# Instructions
         
For Part A, you need to scrape IMDB web page to find out top movies sorted by user votes. For each movie, you need to pull :
- movie_id
- rank
- title 
- runtime
- year
- rating
- votes

The URL of an page that include movies released between 2018 and 2020 sorted by number of votes is: 

https://www.imdb.com/search/title/?title_type=feature&release_date=2018-01-01,2020-12-31&sort=num_votes,desc

Please click the URL and investigate how you can pull movie_id, rank, title,... from the webpage. 


**You need to write code after where I have <span style="color:red">'''  Your code here ...    '''.</span>**

***
Now let’s look at the read_m_from_html_string(url, num_of_m=50) function in detail. The parameter “num_of_m” in the function def read_m_from_html_string(url, num_of_m=50)
  represents the top number of movies you want to retrieve. For example, read_m_from_html_string(url,500) means that we want to extract top 500 movies released between, sorted by users' votes.

This function returns a list of dictionaries. Each dictionary represents one of the top movies, which could look like the following:

{
  
    'movie_id': 'tt7286456',
    'rank': '1.',
    'title': 'Joker',
    'runtime': 2h 2m,
    'year': '2019',
    'rating': '8.4',
    'votes': '1,421,777',
}


After you implement “read_m_from_html_string”, which will return a list of top movies, you need to export the movies list to a csv file.


***

After you done with scraping the needed data, you should clean and transform it as needed to make it ready for enriching the given "Movies.csv" dataset.
***

Finaly, export the enriched dataset to a CSV file:
Use the following naming convention: Project_3_PartA_Lastname.csv




In [1]:
import warnings
warnings.filterwarnings('ignore')
from bs4 import BeautifulSoup
import pandas as pd

***

## read_m_from_html_string

Inside this function, you need to write your code to pull the movies information from the provided Movies 500 HTML String text file.

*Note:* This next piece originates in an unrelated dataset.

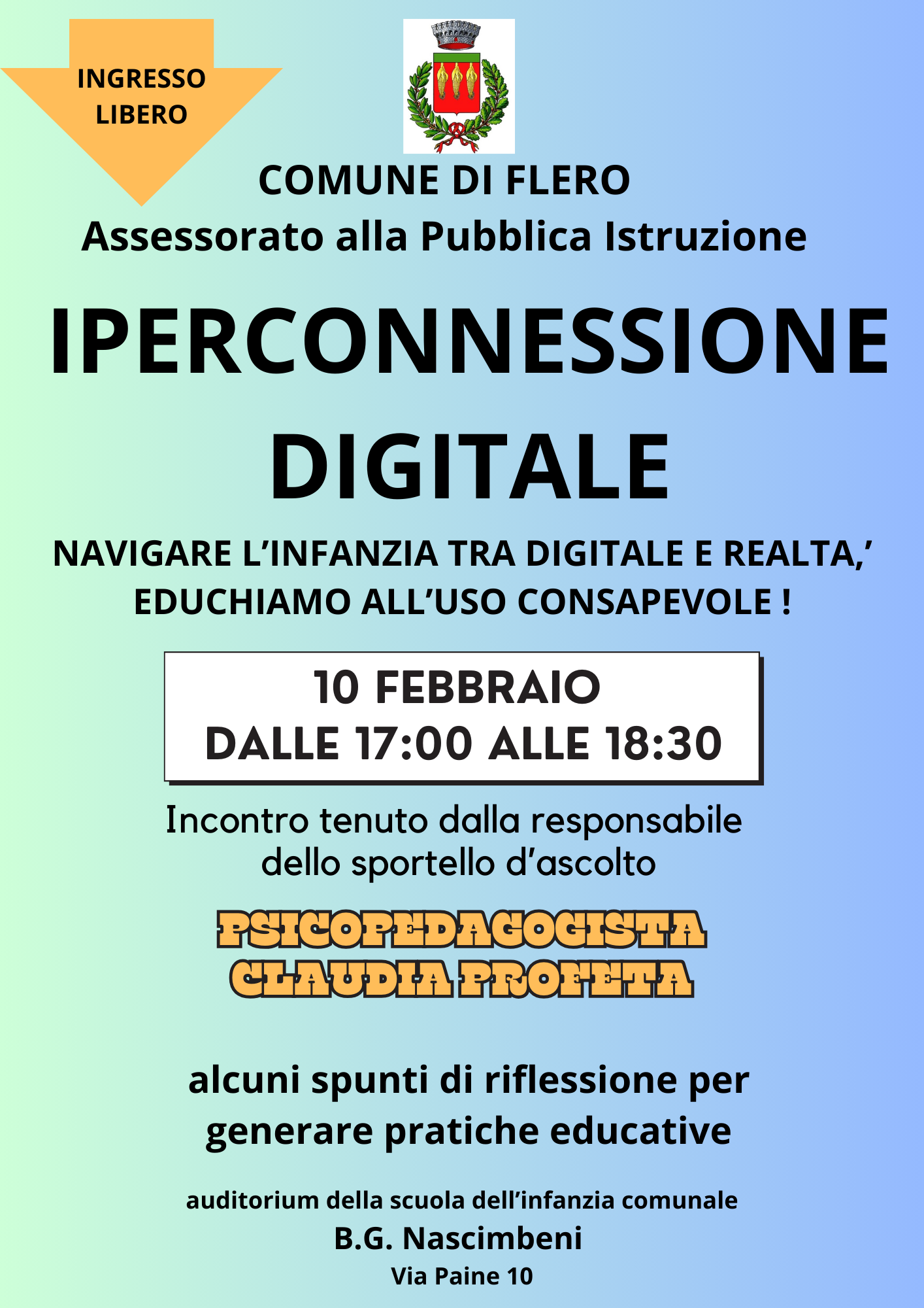 Incontro Psicopedagogista dott.ssa Claudia Profeta IPERCONNESIONE DIGITALE - 10 Febbraio ore 17.00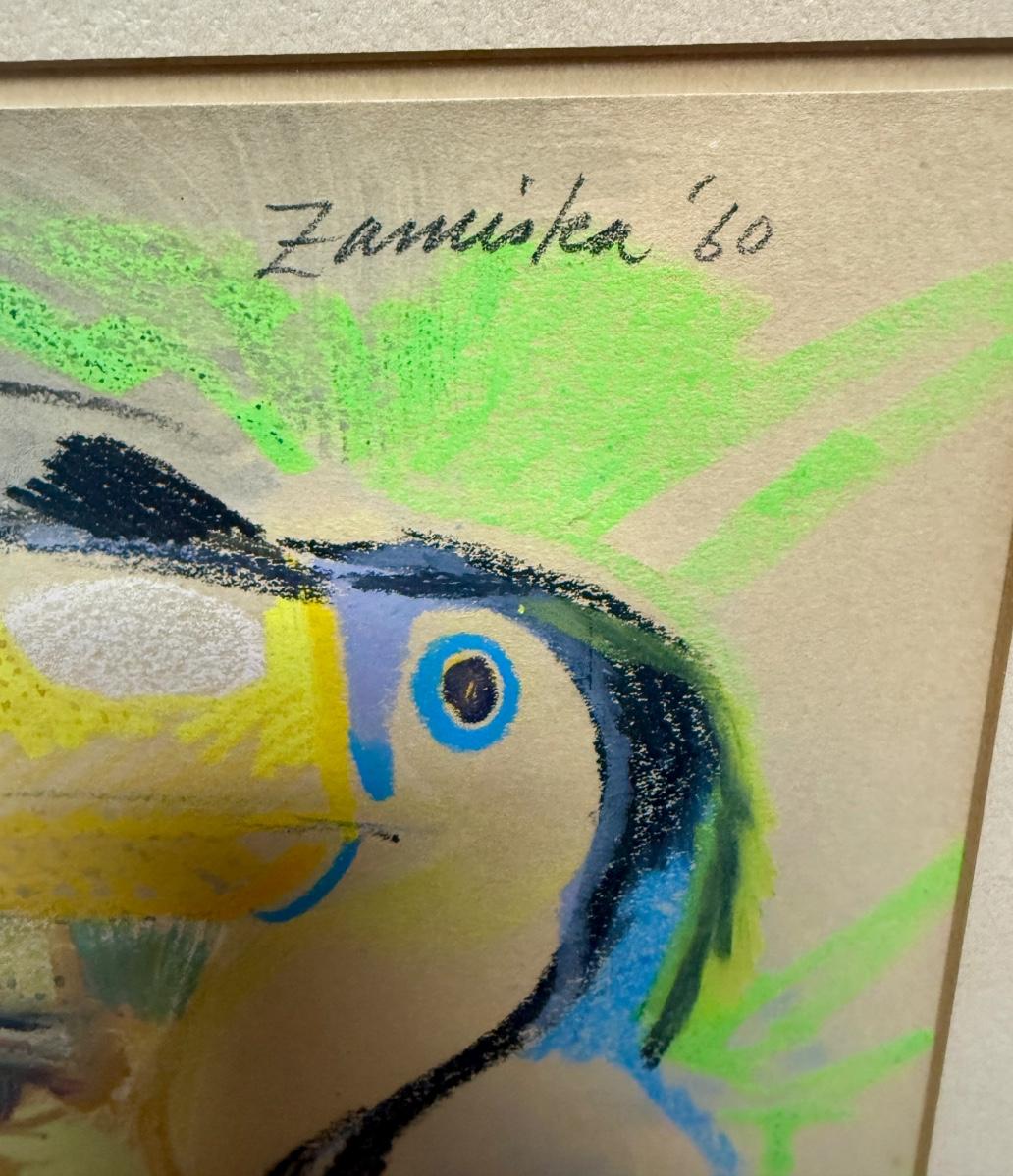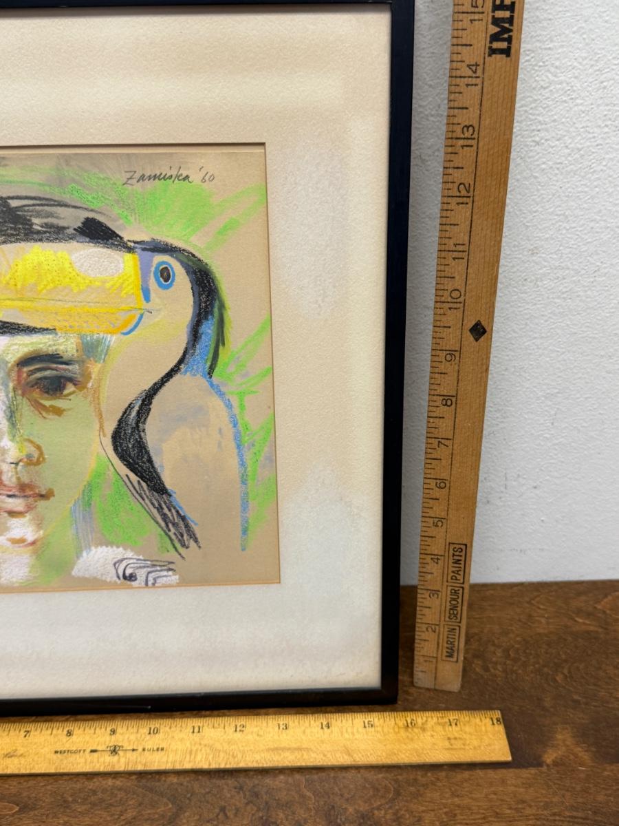 Framed Original Art Human Face & Toucan Face 1960 signed Zamiska

For each movie, you need to pull :
- movie_id
- rank
- title 
- runtime
- year
- rating
- votes

To give examples on how to pull data from the web bage html string, I have included the code to pull the movie_id.
You need to inculde your code to pull the other needed movie information (title, rank, year, ......). You should have no missing values for each of the collected data.

The URL of an page that include movies released between 2018 and 2020 sorted by number of votes is: 

https://www.imdb.com/search/title/?title_type=feature&release_date=2018-01-01,2020-12-31&sort=num_votes,desc

Please click the URL and investigate how you can pull movie_id, rank, title,... from the webpage using the Inspect option.



In [2]:
# This function, read a number of movies from a url html string. The default value is 50
def read_m_from_html_string(url, num_of_m=50):
    
    print(url)
    
    with open('TopVoted_500_Movies_HTML.txt', 'r', encoding="utf8") as file:
        html_string = file.read()   # to read the hmtl file as a string
        # I have included the Movies 500 HTML String.txt file in the project folder. Please take a look.
    
    # create a soup object
    soup = BeautifulSoup(html_string, "html.parser")
    
    '''
    Click the URL and investigate how you can pull movie_id, rank, title,... from the webpage.
    To investigate the html of a web page , For example:
    URL: https://www.imdb.com/search/title/?title_type=feature&release_date=2018-01-01,2020-12-31&sort=num_votes,desc
    Right-click anywhere on the webpage, and at the very bottom of the menu that pops up, 
    you will see "Inspect", Click on it.
    '''
    '''
    Fetching a div that includes all the movies. This can be done by using find and find_all functions.
    for example, find_all('div') will give you all divs on the page. Actually, 
    this find or find_all function can have two parameters,
    in the code below 'div' is the tag name and 'ipc-page-grid__item ipc-page-grid__item--span-2' is an attribute 
    value of the tag. You can also do movie_list = soup.find('div', 'ipc-page-grid__item ipc-page-grid__item--span-2'). 
    Here you explicitly say: I want to find a div with 
    attribute class = 'ipc-page-grid__item ipc-page-grid__item--span-2'.
    
    Since on each imdb page, there's only one div with class = 'lister-list', we can use find rather than find_all. 
    Find_all will return a list of div tags, while find() will return only one div.
   '''     
    movie_list = soup.find('div', 'ipc-page-grid__item ipc-page-grid__item--span-2') 
    # this div contains all the listed movies in the requested html web page string.
    
    list_movies = [] # initialize the function return value, which is a list of movies. 
                     # This list will contains the scraped data transformed to a structured format.
    
    # Using count track the number of movies processed. now it's 0 - No movie has been processed yet.
    count = 0
    
    # each movie listed in a div with attribute value 'ipc-metadata-list-summary-item'.
    divs=  movie_list.find_all('li','ipc-metadata-list-summary-item') # To find all the listed movies in the page.
    for d in divs:
        dict_each_movie = {}  # initialize the movie dictionary to store the movie information.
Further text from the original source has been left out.